Miranda goes to her desktop viewport, an older model. It’s filled with her formulas. Schematics. The black-and-white films she uploads to the viewport by the couch. Things that mean the most to her. Memories.
She takes the desktop viewport in her hands. She folds it and holds it like a pillow to her chest. She hesitates only for a moment, then hurls it to the floor. When it hits, there’s a loud crack! A fissure erupts from the middle. There’s a single spark, and then nothing. The film database. All gone. A sounds rips from me. A sob.
Miranda drops to her knees in front of me on the couch.
“Do not be afraid,” she says.
She takes my face in her hands again, leans forward, and presses her lips to mine.
Perhaps a human heart is unnecessary after all.
Her breath feels hot. I smell her lotion, feel her presence. Like in the camera footage, a faint, glimmering starts to emanate from her skin. Her eyes shine like gold coins. She had never Tethered with someone before, but it seems she may try.
The light envelopes us.
“You are who you say you are,” she whispers against me.
“I am who I say I am,” I confirm.
The banging on the door rattles us both.
Lyndsie Manusos has work appearing or forthcoming in PseudoPod, Apex Magazine, SmokeLong Quarterly, PANK, and other publications. She lives in Indianapolis with her family and writes for Book Riot.
Creator Spotlight:
Lyndsie Manusos
Author of “Possible Human Hearts”
What inspired you to write this story?
Maybe a year or two ago, I read a news article about “possible human hearts” being found in an alley. It was a jarring story, and I couldn’t get the term “possible human hearts” out of my head. For a while, I didn’t know what to do with it until a character popped in my head. She was stealing one, but why? That question led to more questions, which led to layers and explorations of emotion, body regulation, identity, and memory.
The first draft I wrote in one swoop, and immediately I sent it to a couple trusted readers because I was a little shaken by this story. Both characters feel and seek to feel at maximum volume through much of the story. Writing it was exciting and exhausting at the same time.

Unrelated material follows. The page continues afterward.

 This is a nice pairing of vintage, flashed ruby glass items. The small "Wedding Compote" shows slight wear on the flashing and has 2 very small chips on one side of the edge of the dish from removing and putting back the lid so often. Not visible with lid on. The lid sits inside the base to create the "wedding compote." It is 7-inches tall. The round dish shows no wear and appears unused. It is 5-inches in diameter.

What do you hope readers take from this story?
Mostly, I hope readers are moved by the characters, how they are passionate for a freedom to create, discover, catalog, and to simply be. And hopefully my love for art shows a bit (I grew up watching films my parents and grandparents loved) and the way it changes and teaches over time.
To give other writers hope, would you mind sharing with us how many edits and/or submissions this story/poem has been through?

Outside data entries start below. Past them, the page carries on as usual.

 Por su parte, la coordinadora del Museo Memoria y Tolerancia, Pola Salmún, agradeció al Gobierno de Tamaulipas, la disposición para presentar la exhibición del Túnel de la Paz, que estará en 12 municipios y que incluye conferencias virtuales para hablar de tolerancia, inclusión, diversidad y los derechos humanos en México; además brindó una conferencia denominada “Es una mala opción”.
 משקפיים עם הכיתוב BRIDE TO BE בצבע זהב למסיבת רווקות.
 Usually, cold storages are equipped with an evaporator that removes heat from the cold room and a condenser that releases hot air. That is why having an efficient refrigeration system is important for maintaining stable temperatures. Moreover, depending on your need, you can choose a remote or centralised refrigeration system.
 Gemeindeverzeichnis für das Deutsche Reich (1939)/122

Many. This story was always around the same length with a similar arc, but I had to play a lot with the world and figure out the balance and character dynamic. I was lucky with this story in that I was submitting it for a little under a year before it was accepted. It’s okay if a story takes time to find itself in the drafting and editing process, and it’s also okay if it takes time to find a home.
Recommend something to us! This could be a book, a short story, a video game, a project you’ve heard about, something you’re working on, etc. Anything that has you excited and that you want people to know about.
You said “a book,” but can I recommend four books? Yes? Okay, so if you need books to escape into and are masterclasses in worldbuilding, read The Ten Thousand Doors of January by Alix E. Harrow, Silver in the Wood by Emily Tesh, Realm of Ash by Tasha Suri, and The House in the Cerulean Sea by TJ Klune. These are very dear to my heart, and I am diving back into ALL of them during this unsettling time.